The perfectly random split I did between young and old at 30 years old have a low correlation of 2.36. It’s a result we may expect as may be in my mind > 30 years is being old (I am 32 and starting feeling old, this may explain that), but for the illness we are studying, the age to be vulnerable is not the same.

Morality: don’t let your gut lower the quality of your model.

In data science expression, there is the word science :-)

Conclusion

As you can see, in general destroying information by simplifying it won’t improve your model. Chi2 just demonstrates that.

But in more complex cases, creating a new feature based on existing one which makes link with the outcome more obvious may help the algorithm and improve the model.

The case studied here is not enough complex to show that. Check Kaggle website for some challenging datasets.

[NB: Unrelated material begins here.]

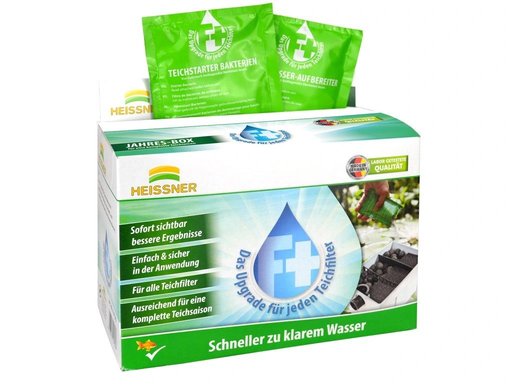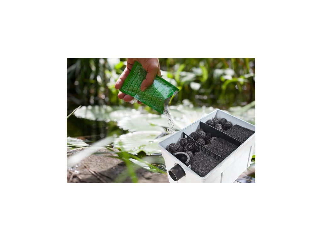 Jedno balení F+ s 10ti ks sáčky Vám vystačí na celou sezónu od jara do podzimu. Jednoduchá aplikace: každé 3 týdny nasypat obsah sáčku přímo do filtru. Obsahuje 7 x přípravek na úpravu vody, ten nastaví správné hodnoty ph a tvrdosti, což je důležité pokud je voda moc měkká nefungují pak filtrační bakterie. Obsahuje 3 x startovací filtrační bakterie, usídlí se ve filtraci a v jezírku odebírají živiny pro řasy. Díky srážkám a vnějším vlivům se mění hodnoty jezírkové vody a mohou mít vliv na kvalitu vody, ale díky sadě HEISSNER F-PLUS přejdete možným problémům.

However it’s almost always worse when you add some arbitrary rules.

Moreover, you can notice that even if we have added some not useful new features highly correlated with other features, the boosting tree algorithm have been able to choose the best one, which in this case is the Age.

Linear model may not be that smart in this scenario.

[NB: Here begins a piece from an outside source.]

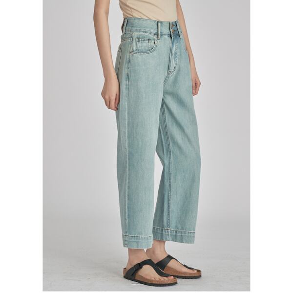 ウォッシュド加工が施されたワイドレッグジーンズ。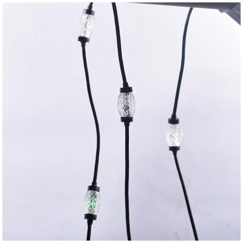 Электрогирлянда даймонд с 9 строб-лампами (разноцветный фон - белая вспышка), 220 V, 3+1,5 м, провод черный каучуковый, коннектор, уличная, SNOWHOUSE LD-DM-9-M-WS

Special Note: What about Random Forests™?

As you may know, Random Forests™ algorithm is cousin with boosting and both are part of the ensemble learning family.

Both trains several decision trees for one dataset. The main difference is that in Random Forests™, trees are independent and in boosting, the tree N+1 focus its learning on the loss (<=> what has not been well modeled by the tree N).

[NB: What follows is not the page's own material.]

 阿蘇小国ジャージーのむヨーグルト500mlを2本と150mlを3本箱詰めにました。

This difference have an impact on a corner case in feature importance analysis: the correlated features.

Imagine two features perfectly correlated, feature A and feature B. For one specific tree, if the algorithm needs one of them, it will choose randomly (true in both boosting and Random Forests™).

However, in Random Forests™ this random choice will be done for each tree, because each tree is independent from the others. Therefore, approximatively, depending of your parameters, 50% of the trees will choose feature A and the other 50% will choose feature B. So the importance of the information contained in A and B (which is the same, because they are perfectly correlated) is diluted in A and B. So you won’t easily know this information is important to predict what you want to predict! It is even worse when you have 10 correlated features…

In boosting, when a specific link between feature and outcome have been learned by the algorithm, it will try to not refocus on it (in theory it is what happens, reality is not always that simple). Therefore, all the importance will be on feature A or on feature B (but not both). You will know that one feature have an important role in the link between the observations and the label. It is still up to you to search for the correlated features to the one detected as important if you need to know all of them.

If you want to try Random Forests™ algorithm, you can tweak Xgboost parameters!

For instance, to compute a model with 1000 trees, with a 0.5 factor on sampling rows and columns:

data(agaricus.train, package='xgboost')
data(agaricus.test, package='xgboost')
train <- agaricus.train
test <- agaricus.test

#Random Forest™ - 1000 trees
bst <- xgboost(data = train$data, label = train$label, max_depth = 4, num_parallel_tree = 1000, subsample = 0.5, colsample_bytree =0.5, nrounds = 1, objective = "binary:logistic")
## [1]  train-error:0.001689
#Boosting - 3 rounds
bst <- xgboost(data = train$data, label = train$label, max_depth = 4, nrounds = 3, objective = "binary:logistic")
## [1]  train-error:0.006142 
## [2]  train-error:0.006756 
## [3]  train-error:0.001228

Note that the parameter round is set to 1.

Random Forests™ is a trademark of Leo Breiman and Adele Cutler and is licensed exclusively to Salford Systems for the commercial release of the software.